> _STORED DATA_
────

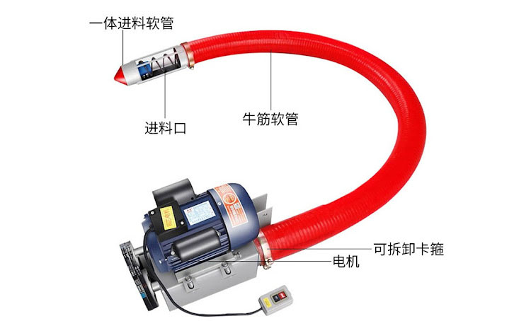 手持式100毫米柔性螺旋输送机:单手就能灵动的机器,重量轻、体积小、工作时的推力小,可以手动操作,降低工作强度。
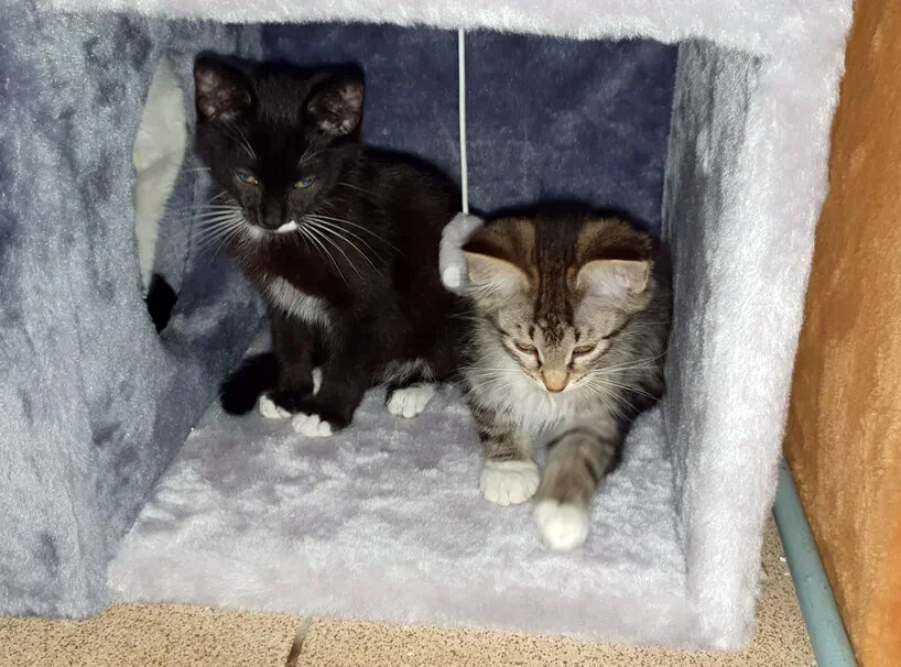 Ночью малышня устраивает очень сильно активные забеги. Могут и по людям проскакать только так. 😁 Так что всё хорошо у них. Нормальная довольная сытая жизнь двух маленьких котомальчишек.
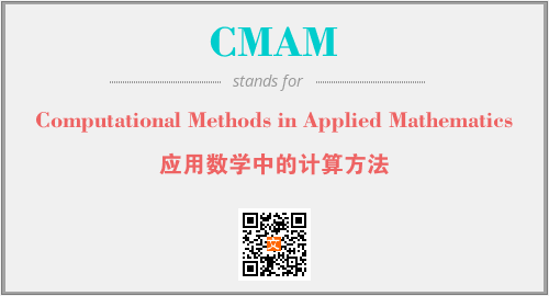 英文缩略词“CMAM”经常作为“Computational Methods in Applied Mathematics”的英文缩写来使用,中文表示:“应用数学中的计算方法”。本文将详细介绍英文缩写词CMAM所代表英文单词,其对应的中文拼音、详细解释以及在英语中的流行度。此外,还有关于缩略词CMAM的分类、应用领域及相关应用示例等。

────

> _TASK REQUIREMENTS_
In the copy, include exactly the lines from the one with "Ночью малышня устраивает" through the final line of the data, both ends included, and no pictures.

> _ANSWER TO THIS PROBLEM_
 Ночью малышня устраивает очень сильно активные забеги. Могут и по людям проскакать только так. 😁 Так что всё хорошо у них. Нормальная довольная сытая жизнь двух маленьких котомальчишек.
 英文缩略词“CMAM”经常作为“Computational Methods in Applied Mathematics”的英文缩写来使用,中文表示:“应用数学中的计算方法”。本文将详细介绍英文缩写词CMAM所代表英文单词,其对应的中文拼音、详细解释以及在英语中的流行度。此外,还有关于缩略词CMAM的分类、应用领域及相关应用示例等。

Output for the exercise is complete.